◆ **TASK MATERIAL**:

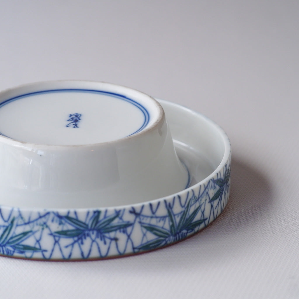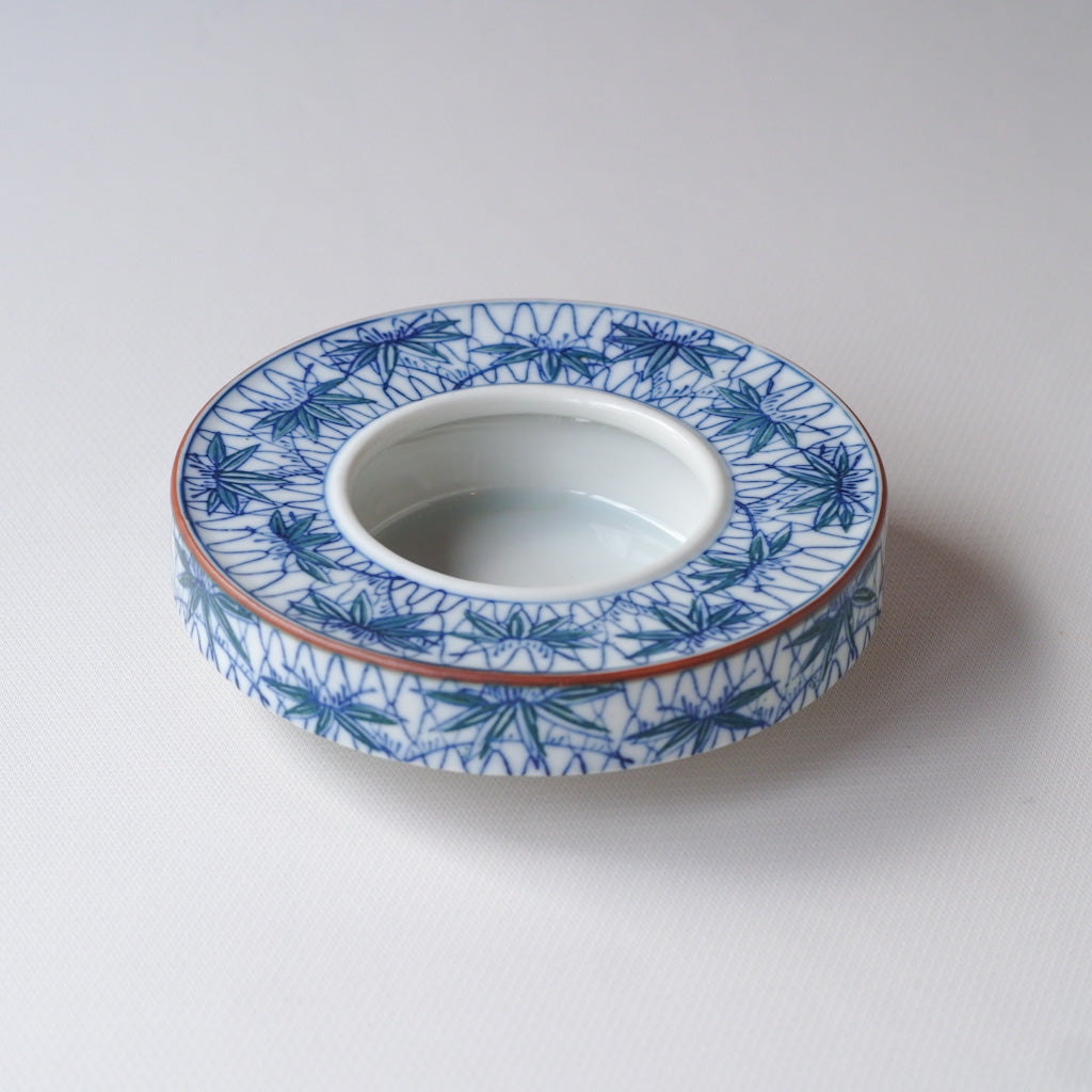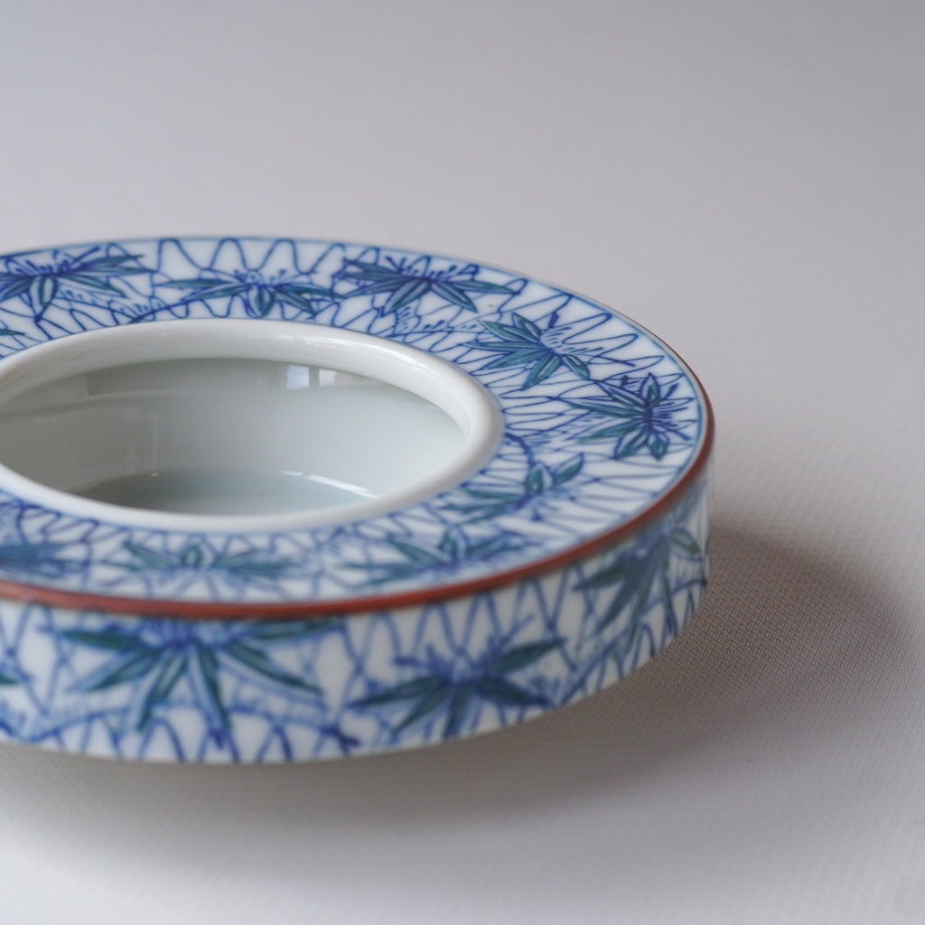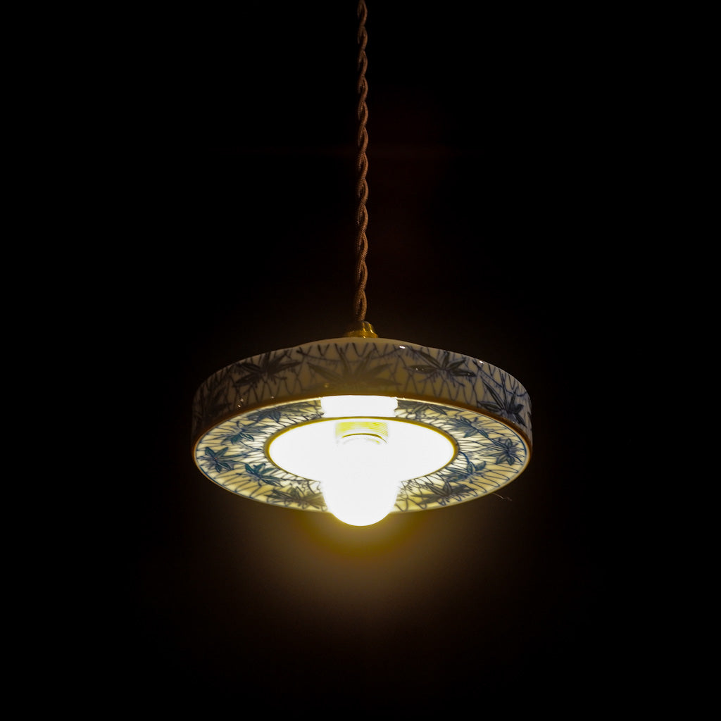笹(ささ)の葉と網目文様が美しい灰皿をリメイクしたペンダントライト。藍色の濃淡で描かれた涼しげな笹の葉と、背景に巡らされた繊細な網目文様が、和の趣を深めます。端正な白磁の美しさと、丁寧に描かれた絵付けが、空間に凛とした上品な雰囲気を添えます。
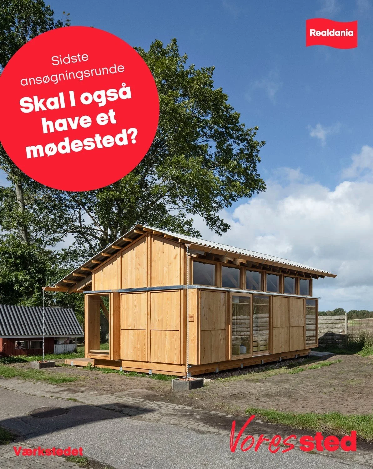 Vi har fået et mødested af Realdania, og byggeriet er planlagt til december i år Et lille fælles værksted på 38 m², der er med til at styrke vores fællesskab. Nu åbner Realdania for den sidste ansøgningsrunde til Vores Sted. Og måske er det jeres fællesskab eller forening, der skal have et mødested næste gang? Ansøgningsfristen er 2. februar 2026. Læs mere og søg på voressted.nu
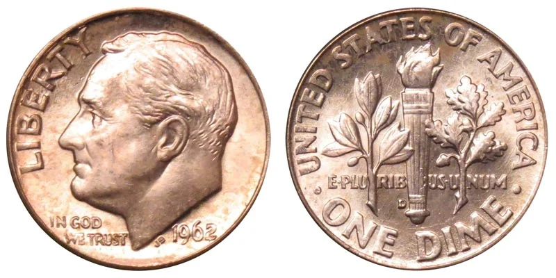 USA Coin Book Estimated Value of 1962-D Roosevelt Dime is Worth $7.75 in Average Condition and can be Worth $9.57 to $12.25 or more in Uncirculated (MS+) Mint Condition. Click here to Learn How to use Coin Price Charts . Also, click here to Learn About Grading Coins . The Melt Value shown below is how Valuable the Coin's Metal is Worth (bare minimum value of coin). Click here to see the Melt Value of every US Coin .
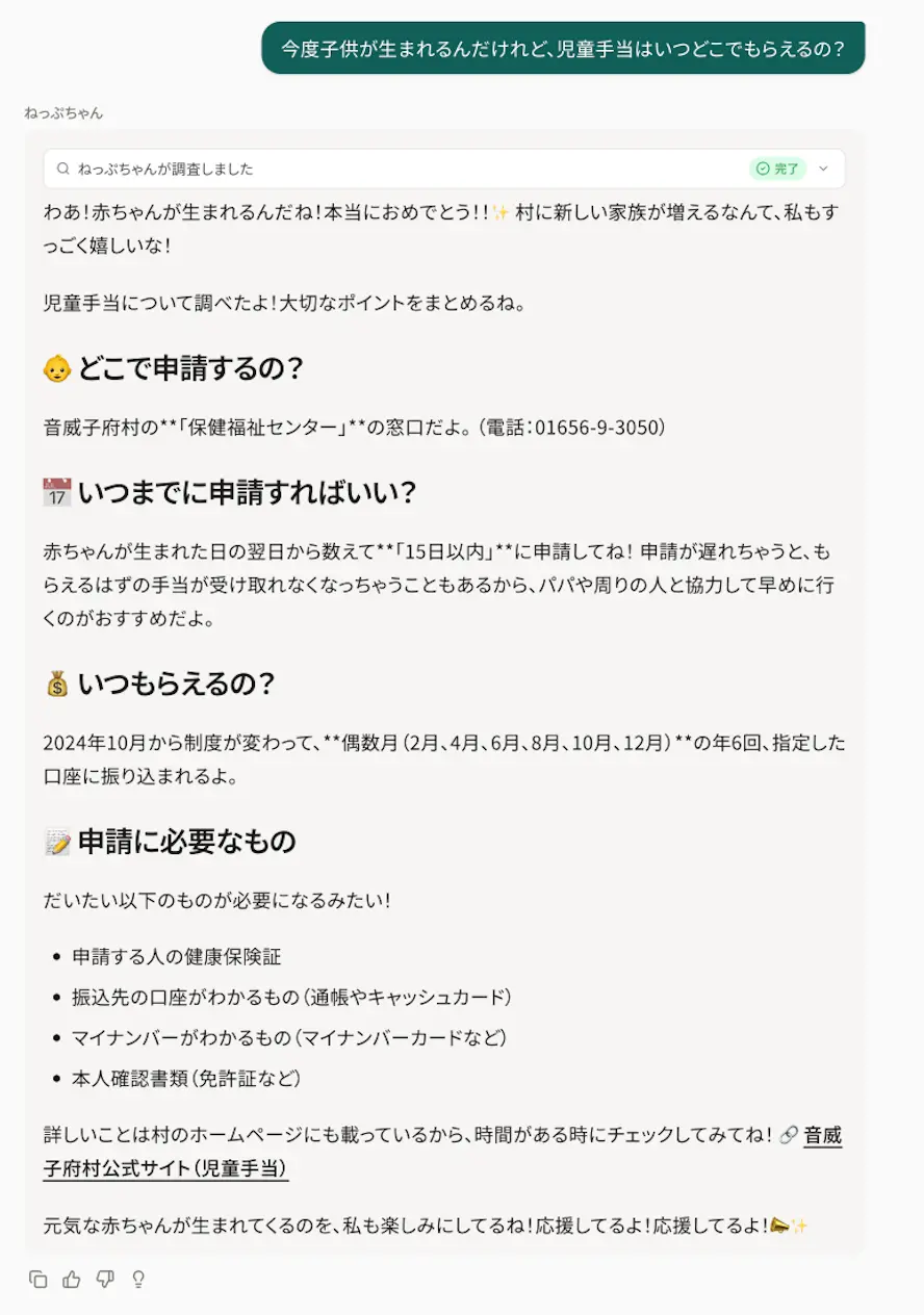 「ねっぷちゃん」は、単なる検索システムではなく、「AI副村長」という役職と、親しみやすい性格を持つ村の一員のような存在となることを目指しています。音威子府にちなんだネーミングや明るいキャラクター性を持たせることで、AIを「難しい機械」ではなく「いつでも頼れる相談相手」に変え、AIに馴染みのない方にも自然に受け入れていただける体験を設計しています。
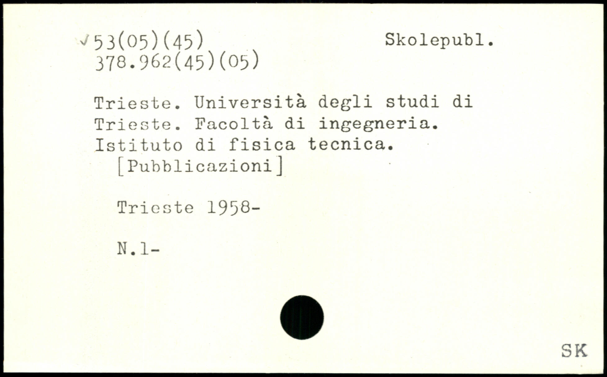 Trieste. Università degli studi di Trieste. Facoltà di ingegneria. Istituto di fisica tecnica. [PubbiicazioniJ Trieste 1958-
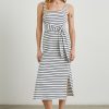 The Meg Dress, with an easy wrap-style design at the waist, is the perfect warm weather addition to your wardrobe. It’s cut from vintage cotton that’s substantial without feeling heavy and skims the body in all the right places. Done in navy stripes, there are many ways to work this closet essential.

◆ **GOAL OF THE EXERCISE**: The copy you produce must hold all the records above exactly and none of their pictures.

◆ **TASK OUTPUT**:
笹(ささ)の葉と網目文様が美しい灰皿をリメイクしたペンダントライト。藍色の濃淡で描かれた涼しげな笹の葉と、背景に巡らされた繊細な網目文様が、和の趣を深めます。端正な白磁の美しさと、丁寧に描かれた絵付けが、空間に凛とした上品な雰囲気を添えます。
 Vi har fået et mødested af Realdania, og byggeriet er planlagt til december i år Et lille fælles værksted på 38 m², der er med til at styrke vores fællesskab. Nu åbner Realdania for den sidste ansøgningsrunde til Vores Sted. Og måske er det jeres fællesskab eller forening, der skal have et mødested næste gang? Ansøgningsfristen er 2. februar 2026. Læs mere og søg på voressted.nu
 USA Coin Book Estimated Value of 1962-D Roosevelt Dime is Worth $7.75 in Average Condition and can be Worth $9.57 to $12.25 or more in Uncirculated (MS+) Mint Condition. Click here to Learn How to use Coin Price Charts . Also, click here to Learn About Grading Coins . The Melt Value shown below is how Valuable the Coin's Metal is Worth (bare minimum value of coin). Click here to see the Melt Value of every US Coin .
 「ねっぷちゃん」は、単なる検索システムではなく、「AI副村長」という役職と、親しみやすい性格を持つ村の一員のような存在となることを目指しています。音威子府にちなんだネーミングや明るいキャラクター性を持たせることで、AIを「難しい機械」ではなく「いつでも頼れる相談相手」に変え、AIに馴染みのない方にも自然に受け入れていただける体験を設計しています。
 Trieste. Università degli studi di Trieste. Facoltà di ingegneria. Istituto di fisica tecnica. [PubbiicazioniJ Trieste 1958-
 The Meg Dress, with an easy wrap-style design at the waist, is the perfect warm weather addition to your wardrobe. It’s cut from vintage cotton that’s substantial without feeling heavy and skims the body in all the right places. Done in navy stripes, there are many ways to work this closet essential.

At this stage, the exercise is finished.